Moshi (Kyutai)
Full-duplex spoken dialogue — simultaneous listening and speaking
Comparative Scores
Architecture
Key reference for Axis 1 R&D (full-duplex conversation). Full-duplex capability is the long-term goal for DigiDouble — enables natural interruption handling. CC-BY 4.0 enables sovereign deployment. Not suitable for Phase 1 MVP — evaluate for Axis 1 advanced research.
Analysis
Moshi is a full-duplex speech-text foundation model from Kyutai (French AI lab). Enables simultaneous listening and speaking — unlike turn-based systems. Uses Mimi streaming neural audio codec. CC-BY 4.0 license enables sovereign deployment. Reference for full-duplex conversation research.
Strengths
- Full-duplex: simultaneous listen + speak
- CC-BY 4.0 — commercial sovereign deployment
- Mimi streaming codec
- From Kyutai (European AI lab)
- Research reference for full-duplex
Weaknesses
- English only
- Requires A100 for real-time
- No voice cloning
- Research-grade stability
Voice Capabilities
No voice cloning. Fixed voice output.
Natural prosody from end-to-end training.

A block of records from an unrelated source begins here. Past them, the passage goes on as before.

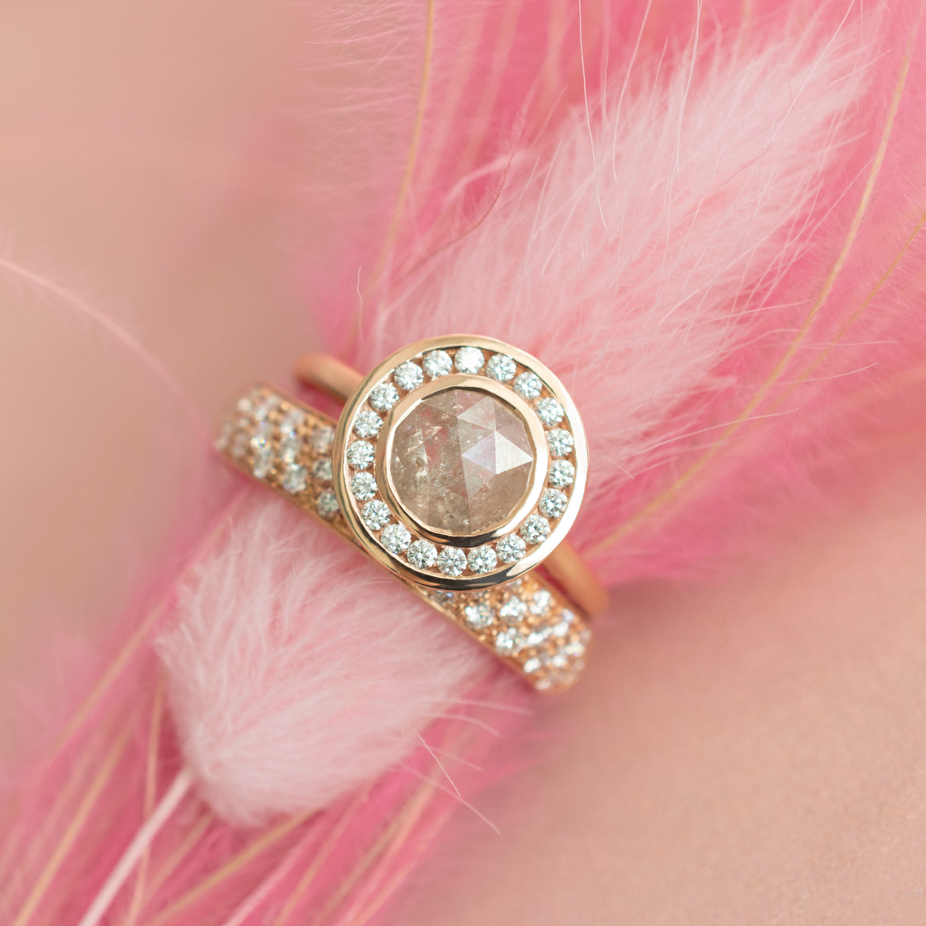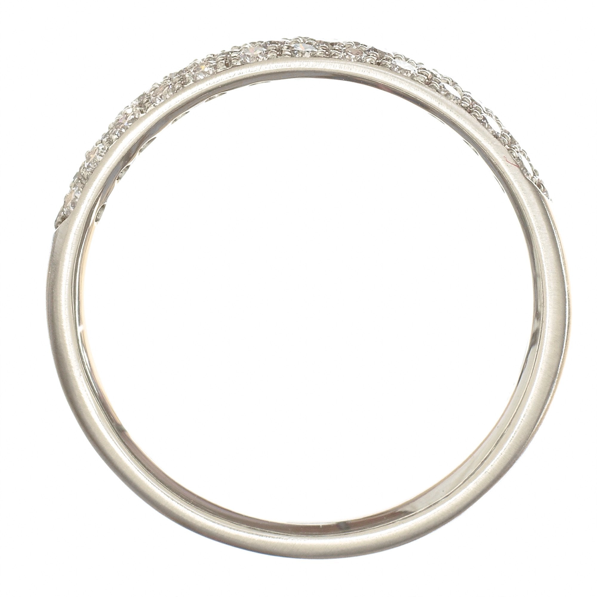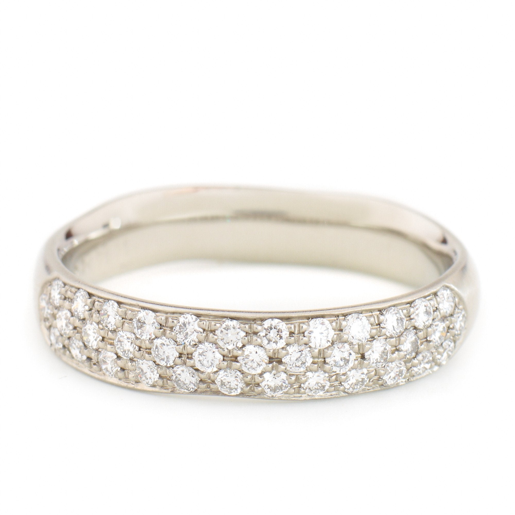 Gold band pave set half way around, or full way around with 3 rows of round brilliant cut G/VS diamonds.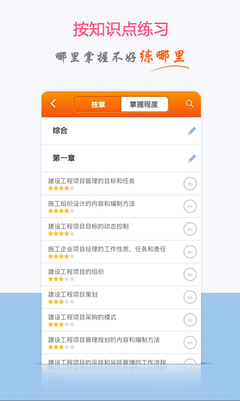 包括章節(jié)、知識(shí)點(diǎn)兩種練習(xí)方式,既滿足習(xí)慣按章節(jié)復(fù)習(xí)的學(xué)員們的需求, 又不缺乏針對(duì)性更強(qiáng)的知識(shí)點(diǎn)練習(xí)方式,便于強(qiáng)化與鞏固考試大綱中的高分知識(shí)點(diǎn)。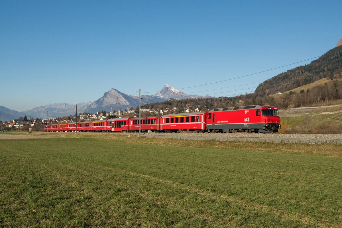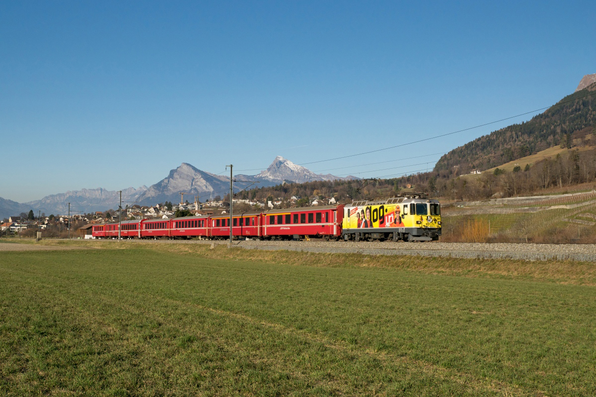 Adventsfahrt des Vereins pro Salonwagen: Der von der Ge 4/4 II 617 und der Ge 4/4 II 614 gezogene Salonwagen-Zug verlässt am 04.12.2016 Malans in Richtung Klosters und weiter durch den Vereina-Tunnel nach St. Moritz. Sandro Gadola

No explicit emotion control.
Full-duplex: simultaneous listening and speaking. Streaming neural audio codec (Mimi). Real-time capable on A100.
No native lip-sync data.
Pricing
Open weights — self-hosting cost only.
Sovereignty & Compliance
Full self-hosting under CC-BY 4.0. Commercial use allowed.

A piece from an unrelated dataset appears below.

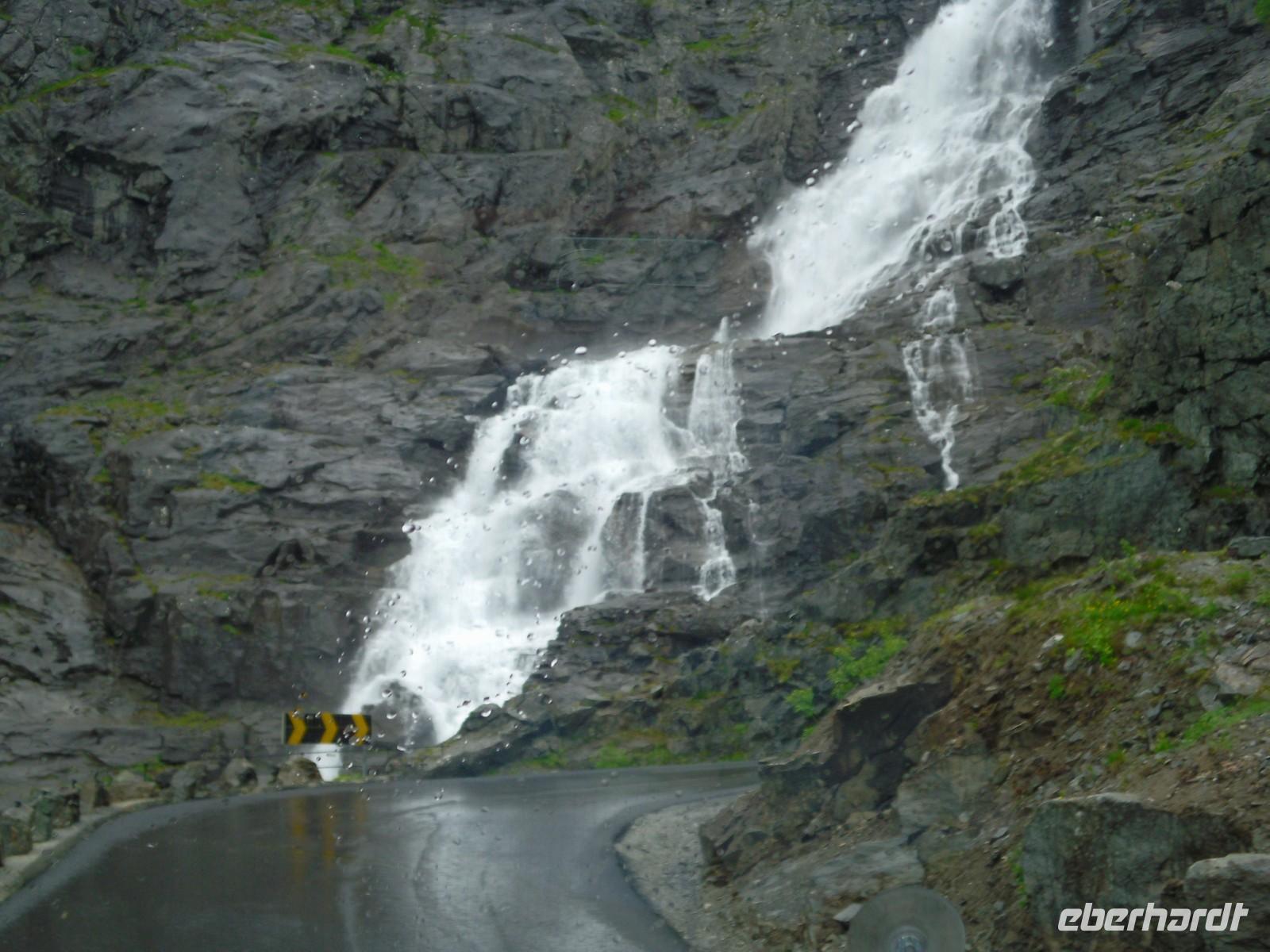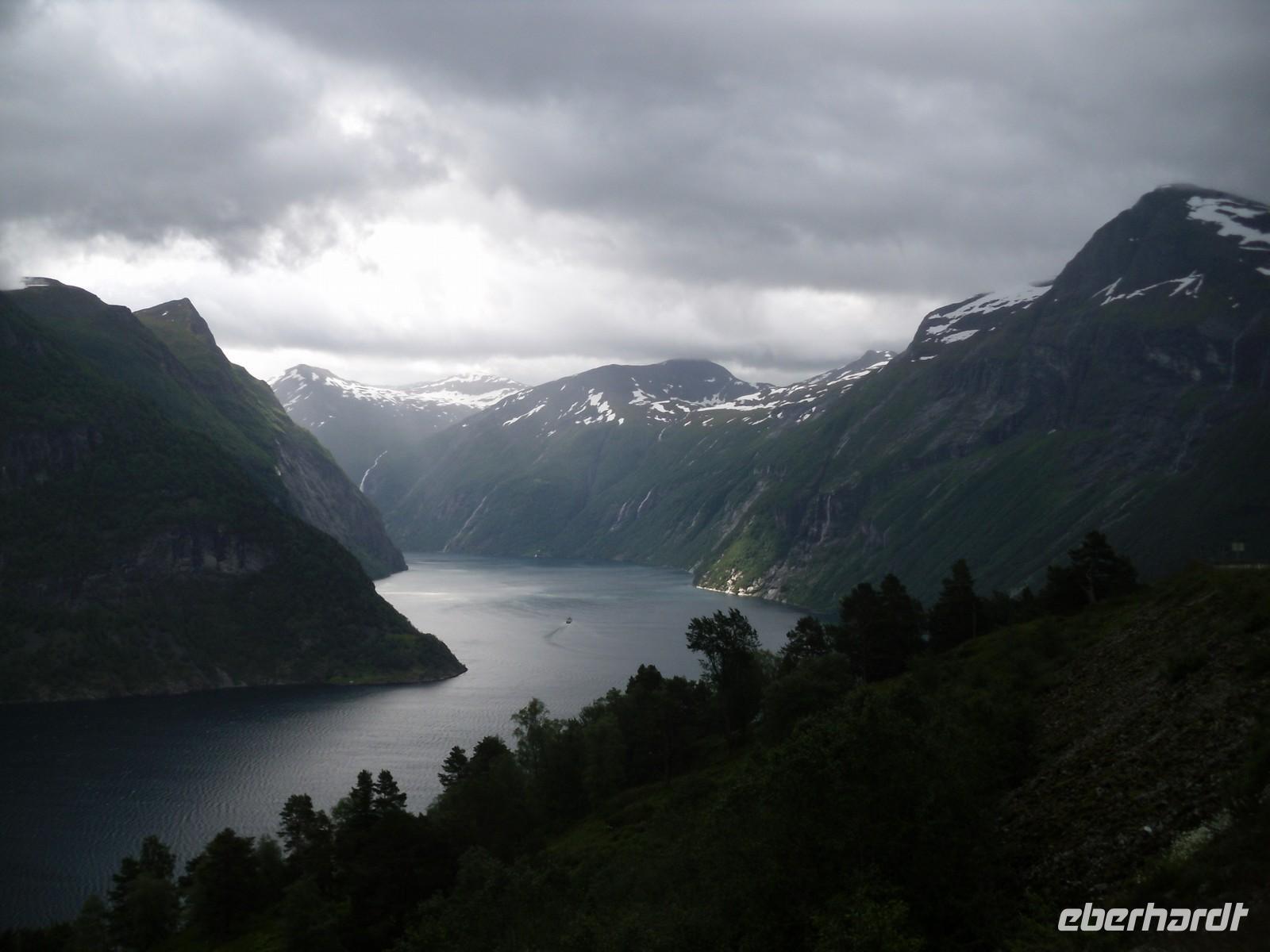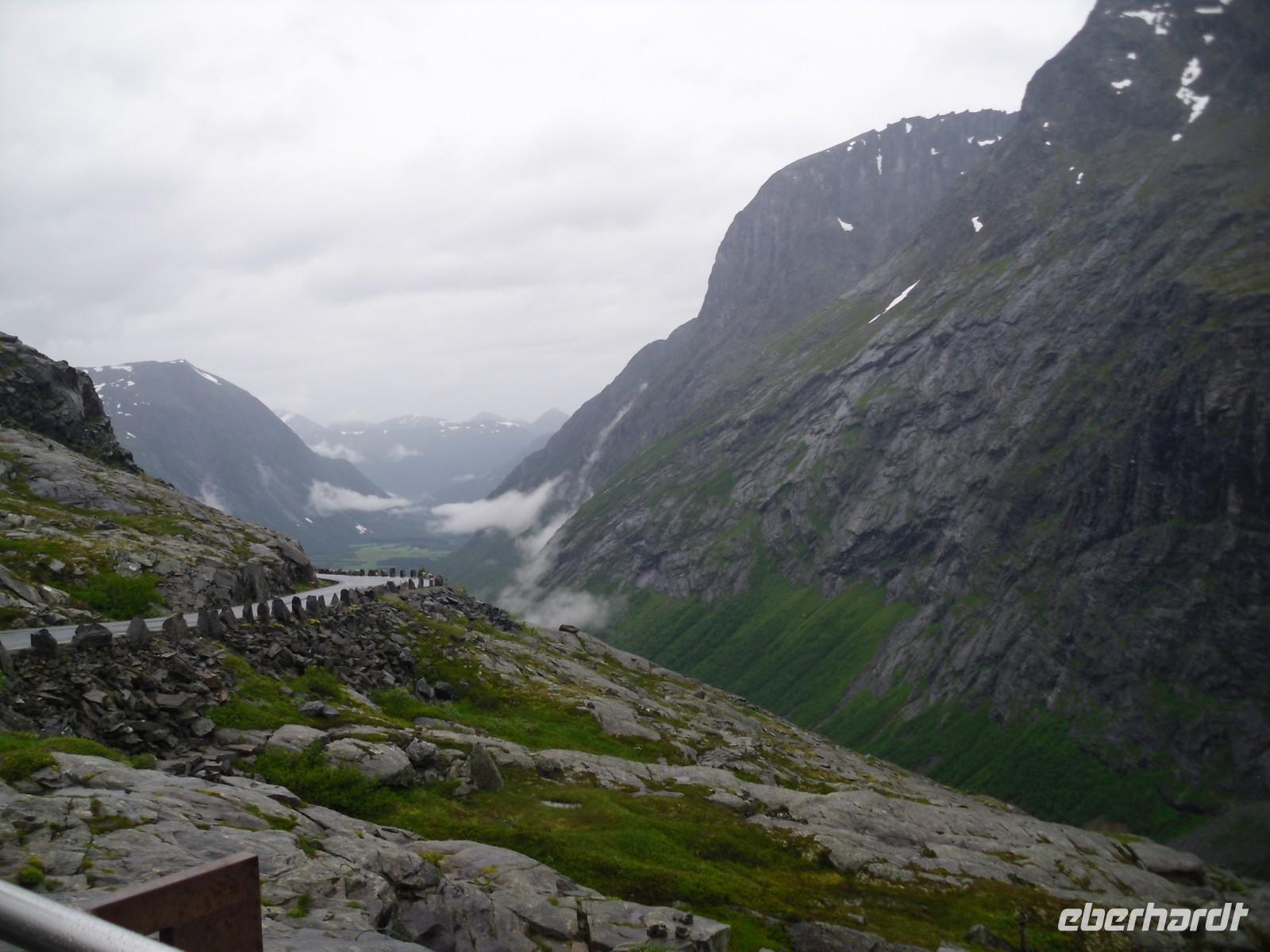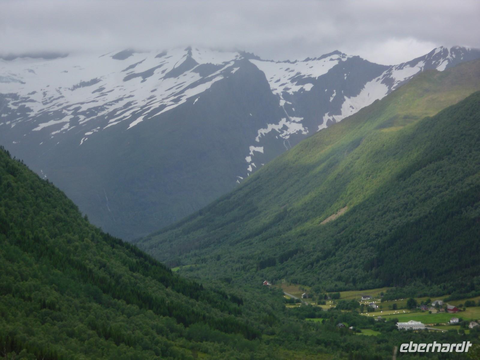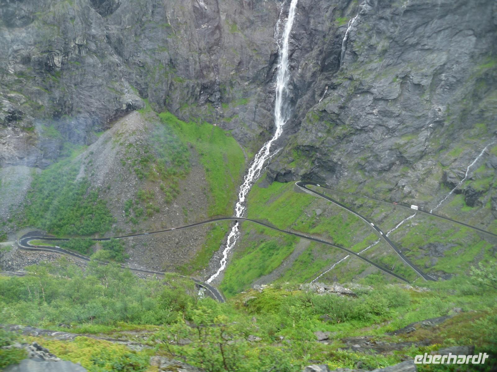 Nach einem vorzüglichen Sonntagsfrühstück und wieder Regen verstauen wir unsere Koffer im Bus und fahren zunächst hinauf auf den Varden, der Hausberg von Molde. Uns ist heute auch wieder kein schönes Wetter vergönnt und so müssen wir ohne Ausblick den Aussichtspunkt verlassen. Am heutigen Tag haben wir auch eine kurze Fährüberfahrt von Sølsnes nach Afarnes, ein ganz neues Erlebnis für unsere Reisegäste. Das Erklimmen der "Trollstigen" ist unser nächster Höhepunkt. Vorbei an Andalsnes, hier ist der Endpunkt der Raumabahn, sie soll eine der schönsten Eisenbahnstrecken Norwegens sein, gelangen wir zur Trollwand und hier wird bei Regen ein Fotostopp eingelegt. Danach machen wir uns auf den Weg, die von hohen Gipfeln und tiefen Schluchten umgebene Bergstraße Trollstiege, die ihren Namen von der Volkssage um die dort "hausenden Trolle" erhalten hat, zu erkunden. Die 11 Haarnadelkurven überwinden wir mit Hochachtung vor der Fahrkunst unseres Fahrers Peter Möbius, leider ist wieder Laufen im Regen angesagt. Am Canyon Gudbrandsjuvet machen wir einen Fotostopp. Weiter geht es hinunter ins romantische Valldal, das Zentrum des Erdbeeranbaus und hier kaufen wir uns köstliche Erdbeeren direkt vom Erzeuger. Wir kommen an den großartigen Tafjord, der ein Seitenarm des Storfjordes ist. Fjorde sind das gewisse Etwas in Skandinavien, was aber zeichnet dieses Gewässer aus? Ein Fjord ist ein Berg und ein Fluss, die sich in einer viele tausend Jahre zurückliegenden Eiszeit miteinander verbunden haben. Auf unserer Strecke liegen die Fjordhauptstadt Bergen, der Sognefjord und der Nordfjord inmitten von Gletschern. In Stordal besichtigen wir die herrliche Rosenkirche, ein schönes Erlebnis des heutigen Tages. Unsere Ankunft in Alesund bekommen wir nicht trocken hin, hoffentlich scheint uns am Montag die Sonne. Am Abend erschließt sich der Ein oder Andere diese Stadt im Jugendstil, die 1904 bei einem großen Brand fast völlig zerstört wurde und auch wieder im Regen.

Data residency: Fully local when self-hosted.
Moshi (Kyutai) — Strategic Positioning
Beyond technical specs: where does this tool sit in the ecosystem, what are the risks and strategic implications for DigiDouble?
Moshi is Kyutai's open-source breakthrough for real-time full-duplex voice AI — 160ms latency, EU-backed research, CC-BY-NC license. The future of natural voice interaction, available today for research.
A. Strategic Positioning
Target customer: Researcher / Developer — real-time duplex voice, French lab
Kyutai's full-duplex real-time voice AI — handles interruptions, overlapping speech, and natural conversation flow at 160ms latency.
B. Competitive Moat
- Full-duplex speech — handles interruptions and overlapping speech without turn-taking
- 160ms end-to-end latency — competitive with commercial real-time voice solutions
- €300M Kyutai research backing — long-term open-source commitment
Vulnerability: CC-BY-NC 4.0 license restricts commercial use. Research model — production readiness and enterprise support uncertain.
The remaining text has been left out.